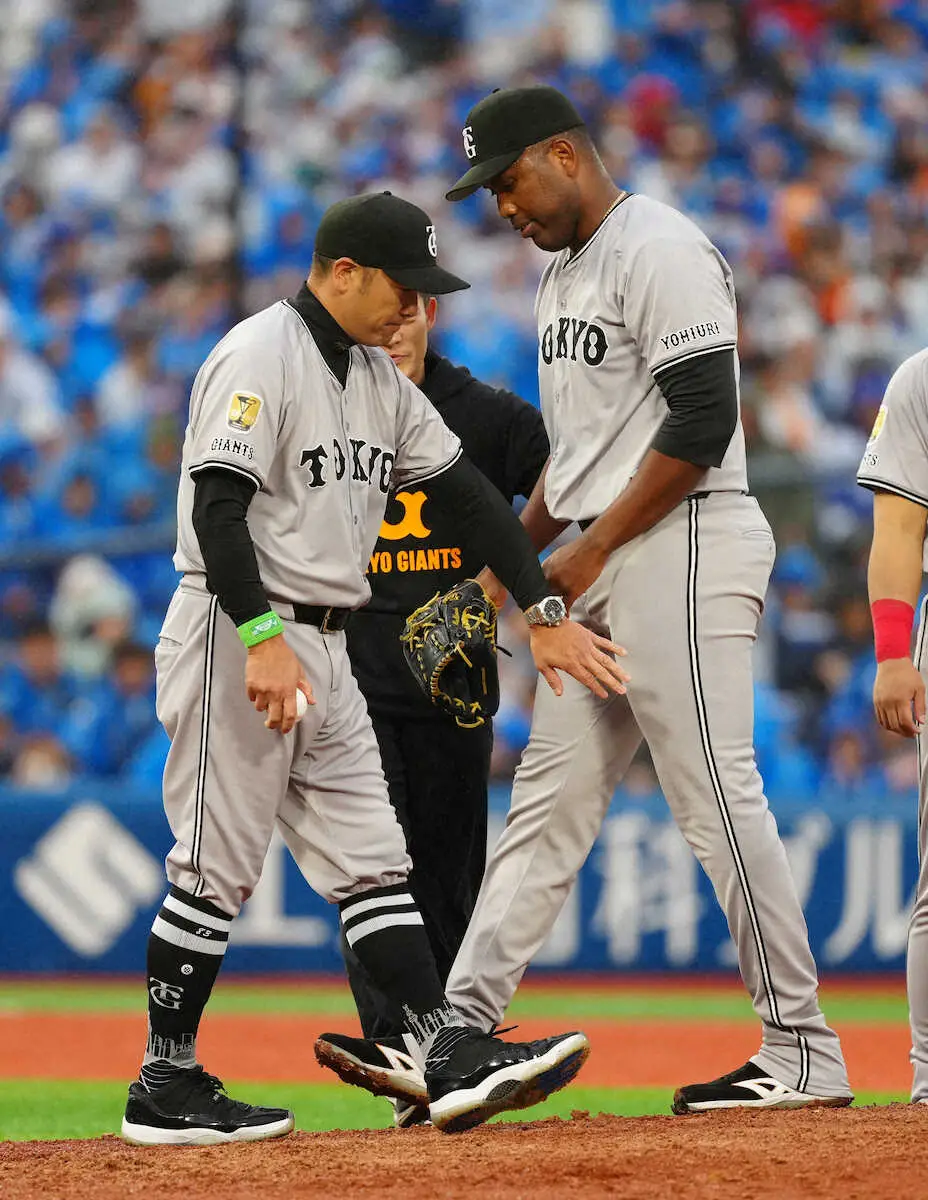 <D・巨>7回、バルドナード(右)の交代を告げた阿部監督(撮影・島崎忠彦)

______________________________

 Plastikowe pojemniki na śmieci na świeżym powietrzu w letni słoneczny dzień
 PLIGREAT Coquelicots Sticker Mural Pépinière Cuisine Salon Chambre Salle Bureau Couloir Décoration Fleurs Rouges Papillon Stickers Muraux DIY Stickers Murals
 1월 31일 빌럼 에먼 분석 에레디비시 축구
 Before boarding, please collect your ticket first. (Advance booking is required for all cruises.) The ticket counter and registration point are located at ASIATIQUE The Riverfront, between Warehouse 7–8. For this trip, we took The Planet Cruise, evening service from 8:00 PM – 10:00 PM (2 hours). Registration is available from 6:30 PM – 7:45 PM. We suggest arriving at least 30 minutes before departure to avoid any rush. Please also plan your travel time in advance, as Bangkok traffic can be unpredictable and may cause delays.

______________________________

▶ _What you will do_: Beginning at the line above that contains "PLIGREAT Coquelicots Sticker", return each line exactly through the line that contains "Before boarding, please", and no others.

▶ _The completed task_:
 PLIGREAT Coquelicots Sticker Mural Pépinière Cuisine Salon Chambre Salle Bureau Couloir Décoration Fleurs Rouges Papillon Stickers Muraux DIY Stickers Murals
 1월 31일 빌럼 에먼 분석 에레디비시 축구
 Before boarding, please collect your ticket first. (Advance booking is required for all cruises.) The ticket counter and registration point are located at ASIATIQUE The Riverfront, between Warehouse 7–8. For this trip, we took The Planet Cruise, evening service from 8:00 PM – 10:00 PM (2 hours). Registration is available from 6:30 PM – 7:45 PM. We suggest arriving at least 30 minutes before departure to avoid any rush. Please also plan your travel time in advance, as Bangkok traffic can be unpredictable and may cause delays.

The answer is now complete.